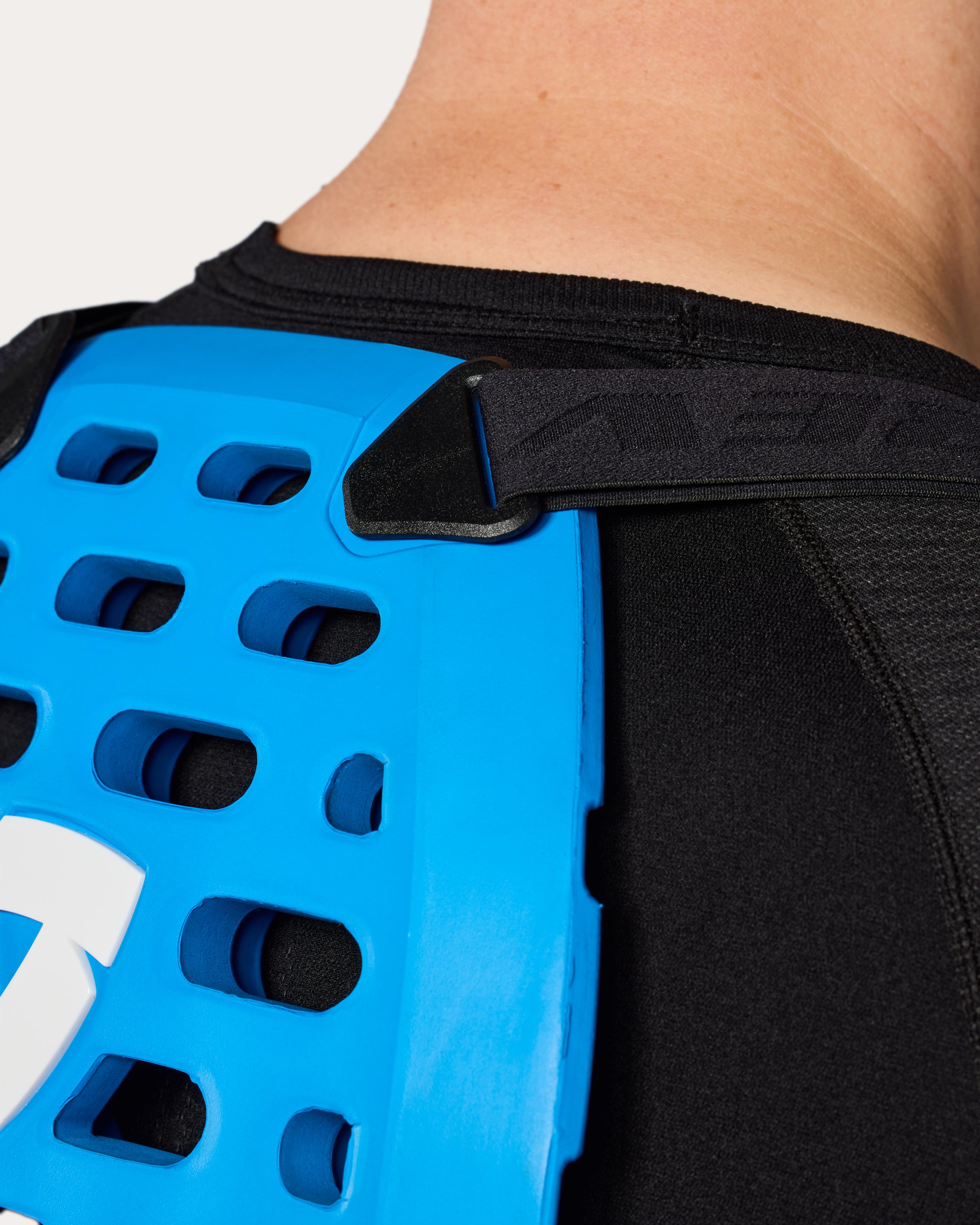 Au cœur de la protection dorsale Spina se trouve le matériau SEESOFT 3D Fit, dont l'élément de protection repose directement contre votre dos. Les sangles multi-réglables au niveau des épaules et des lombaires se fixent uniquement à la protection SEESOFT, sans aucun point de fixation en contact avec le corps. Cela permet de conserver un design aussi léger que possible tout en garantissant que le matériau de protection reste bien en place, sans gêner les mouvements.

...

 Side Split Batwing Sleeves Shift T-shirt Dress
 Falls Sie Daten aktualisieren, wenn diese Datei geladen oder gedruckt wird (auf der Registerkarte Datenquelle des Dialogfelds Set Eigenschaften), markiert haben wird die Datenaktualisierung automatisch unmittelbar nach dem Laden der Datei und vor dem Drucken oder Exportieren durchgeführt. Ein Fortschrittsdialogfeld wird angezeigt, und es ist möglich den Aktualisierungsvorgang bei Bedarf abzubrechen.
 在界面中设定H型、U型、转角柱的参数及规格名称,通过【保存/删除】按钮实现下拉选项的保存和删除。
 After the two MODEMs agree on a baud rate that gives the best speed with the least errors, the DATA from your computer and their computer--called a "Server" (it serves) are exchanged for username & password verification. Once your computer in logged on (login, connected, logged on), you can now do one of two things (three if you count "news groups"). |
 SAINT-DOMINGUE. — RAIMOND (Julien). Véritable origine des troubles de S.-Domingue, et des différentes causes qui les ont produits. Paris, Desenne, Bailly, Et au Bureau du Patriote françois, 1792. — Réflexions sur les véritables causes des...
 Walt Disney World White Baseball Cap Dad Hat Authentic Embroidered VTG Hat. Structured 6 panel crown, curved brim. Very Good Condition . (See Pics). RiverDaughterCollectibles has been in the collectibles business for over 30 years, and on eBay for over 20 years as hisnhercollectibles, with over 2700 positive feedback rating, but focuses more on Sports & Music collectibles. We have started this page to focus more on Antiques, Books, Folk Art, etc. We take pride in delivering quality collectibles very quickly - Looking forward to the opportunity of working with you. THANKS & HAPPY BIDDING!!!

- [TO DO]
In the listing above, find the line with "Side Split Batwing" and the line with "Walt Disney World". Output those two lines and every line between them, exactly as written.

- [EXERCISE RESPONSE]
 Side Split Batwing Sleeves Shift T-shirt Dress
 Falls Sie Daten aktualisieren, wenn diese Datei geladen oder gedruckt wird (auf der Registerkarte Datenquelle des Dialogfelds Set Eigenschaften), markiert haben wird die Datenaktualisierung automatisch unmittelbar nach dem Laden der Datei und vor dem Drucken oder Exportieren durchgeführt. Ein Fortschrittsdialogfeld wird angezeigt, und es ist möglich den Aktualisierungsvorgang bei Bedarf abzubrechen.
 在界面中设定H型、U型、转角柱的参数及规格名称,通过【保存/删除】按钮实现下拉选项的保存和删除。
 After the two MODEMs agree on a baud rate that gives the best speed with the least errors, the DATA from your computer and their computer--called a "Server" (it serves) are exchanged for username & password verification. Once your computer in logged on (login, connected, logged on), you can now do one of two things (three if you count "news groups"). |
 SAINT-DOMINGUE. — RAIMOND (Julien). Véritable origine des troubles de S.-Domingue, et des différentes causes qui les ont produits. Paris, Desenne, Bailly, Et au Bureau du Patriote françois, 1792. — Réflexions sur les véritables causes des...
 Walt Disney World White Baseball Cap Dad Hat Authentic Embroidered VTG Hat. Structured 6 panel crown, curved brim. Very Good Condition . (See Pics). RiverDaughterCollectibles has been in the collectibles business for over 30 years, and on eBay for over 20 years as hisnhercollectibles, with over 2700 positive feedback rating, but focuses more on Sports & Music collectibles. We have started this page to focus more on Antiques, Books, Folk Art, etc. We take pride in delivering quality collectibles very quickly - Looking forward to the opportunity of working with you. THANKS & HAPPY BIDDING!!!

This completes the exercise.